INFORMATION GIVEN:

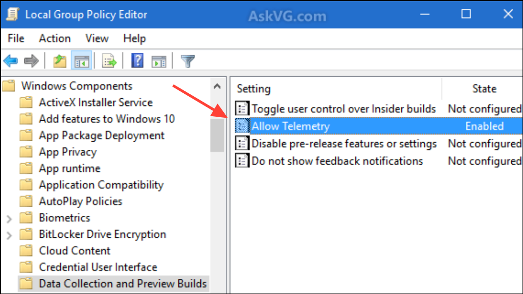 Step 3: Double-click Allow Telemetry, select Disabled, then click Apply and OK. Restart your computer to apply changes.
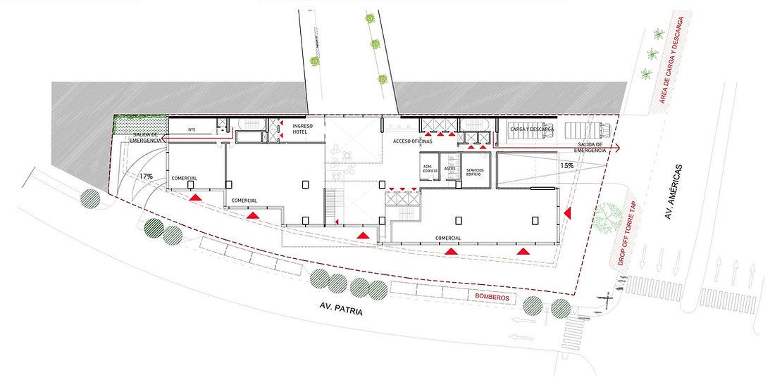 Al tener comercio a nivel de calle aportará mucho a la vida urbana que se da en la banqueta y quizá logré integrarse y expander la dinámica comercial que tiene Plaza Patria. Si bien se contemplan accesos para autos, se mantiene un respeto a la banqueta y al peatón.
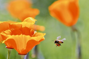 Bienen lieben Backmohn-Blüten, Photo Vera Stuchelova
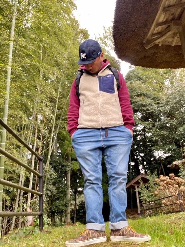 パーカーにフリースベスト、デニムを合わせたカジュアルスタイル。足下のカモフラスニーカーとレトロXベストのカラーがマッチしていて、まとまりのあるコーデになっています。
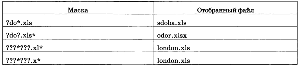 Для групповых операций с файлами используются маски имён файлов. Маска представляет собой последовательность букв, цифр и прочих допустимых в именах файлов символов, в которых также могут встречаться следующие символы: символ «?» (вопросительный знак) означает ровно один произвольный символ; символ (звёздочка) означает любую последовательность символов произвольной длины, в том числе (звёздочка) может задавать и пустую последовательность.
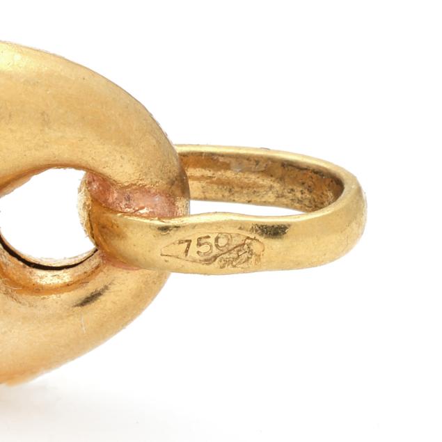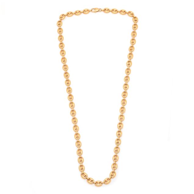 The gold mariner link chain completed with a lobster clasp, stamped 750 and with Italian registry mark 84 AR for Borgogni.
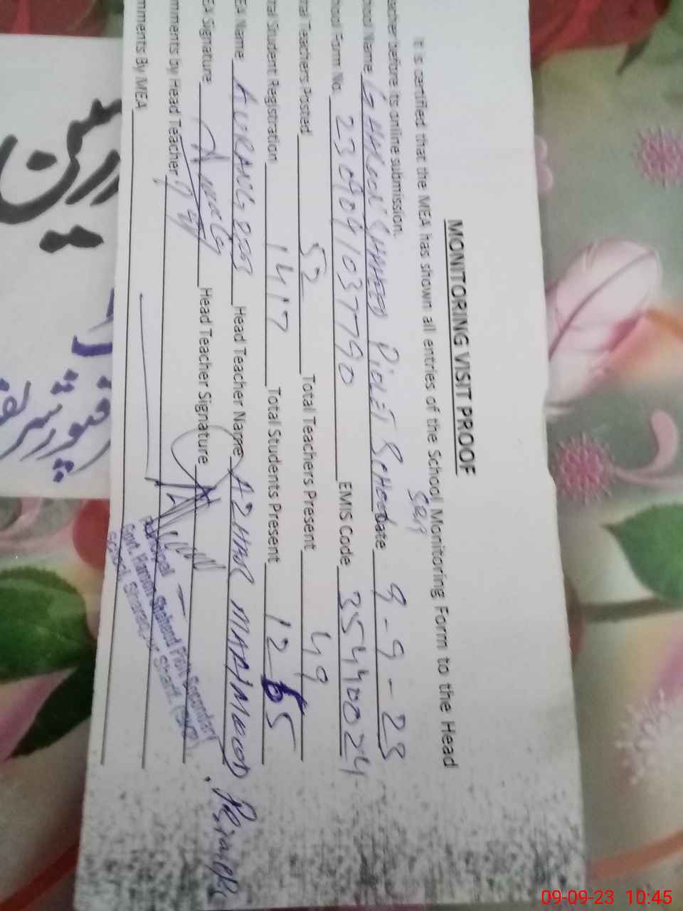 | Attendance Register | Head Teacher | MEA with School | Visit Proof |
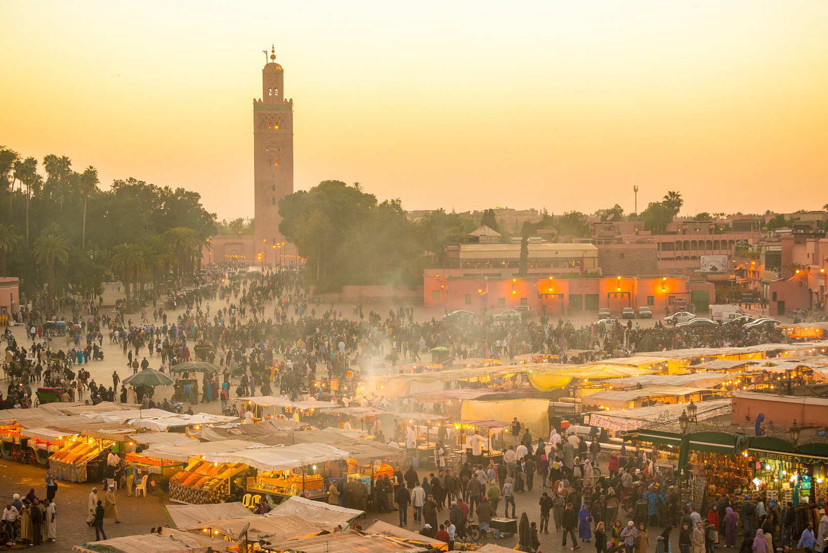 Tagsüber ist der Djemaa el Fna im Herzen von Marrakesch wie jeder andere große Platz auch. Hier warten Kutscher im Schatten der Palmen auf Touristen, dort laufen Kinder über den Platz, und im Hintergrund erhebt sich das mächtige Minarett der Koutoubia-Moschee. Doch wenn die Dämmerung kommt, verändert sich alles.

WHAT IS BEING ASKED: To complete this exercise, transcribe exactly the lines above from the one that holds "The gold mariner" through the one that holds "Visit Proof |". Pictures stay out.

RESPONSE TO THE TASK:
 The gold mariner link chain completed with a lobster clasp, stamped 750 and with Italian registry mark 84 AR for Borgogni.
 | Attendance Register | Head Teacher | MEA with School | Visit Proof |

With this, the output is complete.